Other programmes will seek to strengthen ties between Paris and the surrounding countryside whose fields feed the city, create groups of residents trained to respond in emergencies and lead community events, and transform the Paris ring road and the motorways leading to it.
The Paris resilience strategy, approved by the city council in late September and launched this week, draws on the capital’s motto “Fluctuat nec mergitur”, Latin for “buffeted (by the waves) but not sunk”.
Sébastien Maire, the city’s chief resilience officer, said the motto – which has been used for centuries – came back into common parlance after the 1910 flood that swamped Paris, and again after militant attacks in November 2015 killed 130 people.

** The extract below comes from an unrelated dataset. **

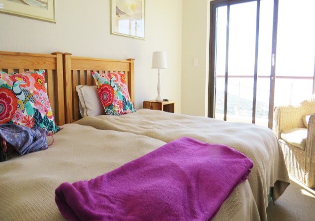 Bedroom 4: Two ¾ beds. Ceiling fan. Ample cupboard space. Doors open onto patio with sea, swimming pool and garden views.

In between, the expression slipped from memories as people placed their faith in technology to solve the world’s ills in the late 20th century, he said.
Now with growing waves of migration and climate change bringing more extreme weather, the need for resilience is firmly back on Parisians’ agenda.
“There are fears about the future – and what the resilience approach proposes is to reassure and protect the population, saying that we are going to face many challenges, but whatever they are, we’re going to adapt ourselves,” he told the Thomson Reuters Foundation. “It is a positive approach.”
The new strategy, drafted with support from the global 100 Resilient Cities (100RC) network, aims to turn risks such as floods and air pollution into opportunities, said Maire.
For example, Paris has 700 schoolyards covering more than 600,000 square metres of land, made largely of concrete. When heatwaves hit, as they are predicted to do with increasing frequency and ferocity, students can’t go outside as it is too hot and streets swelter amid the “heat island effect”.
The project, due to begin with pilots next year, aims to turn schoolyards into green, refreshing places that can also soak up heavy rain and will be open to local communities at weekends. It shows the “multi-benefits approach of resilience, adaptation to climate change and social cohesion”, said Maire.
POCKETS OF POVERTY
Michael Berkowitz, president of 100RC, which is backed by the Rockefeller Foundation, said the new strategy would help Paris tackle inequality and climate change.
“These are the two big challenges facing cities around the world today,” he added.
And Paris’ efforts to knit closer social ties and adapt its infrastructure to climate-linked hazards, like the floods on the River Seine last year, will help other cities learn how to deal with similar challenges, said Berkowitz.
Paris has pockets of poverty and isolation in its suburbs, where many migrants are settling, he noted.
The resilience strategy defines social and economic inequality as one of six major challenges for Paris, seen in rising homelessness, families in sub-standard housing, ill health and nearly a quarter of children living in poverty.
Among the solutions it proposes is an online platform that will help local people and businesses donate goods and services to those in need, boosting neighbourhood solidarity.
“The first lever for the resilience of Paris is its inhabitants,” Maire said.
Their strength in the face of shocks came to the fore after the 2015 attacks, with slogans showing a united front and rejecting fear, he said. “It was a very strong feeling and we built on that within the (resilience) strategy,” he said.
Social cohesion is “something that has been forgotten in big cities, and we want to reinforce it”, he added.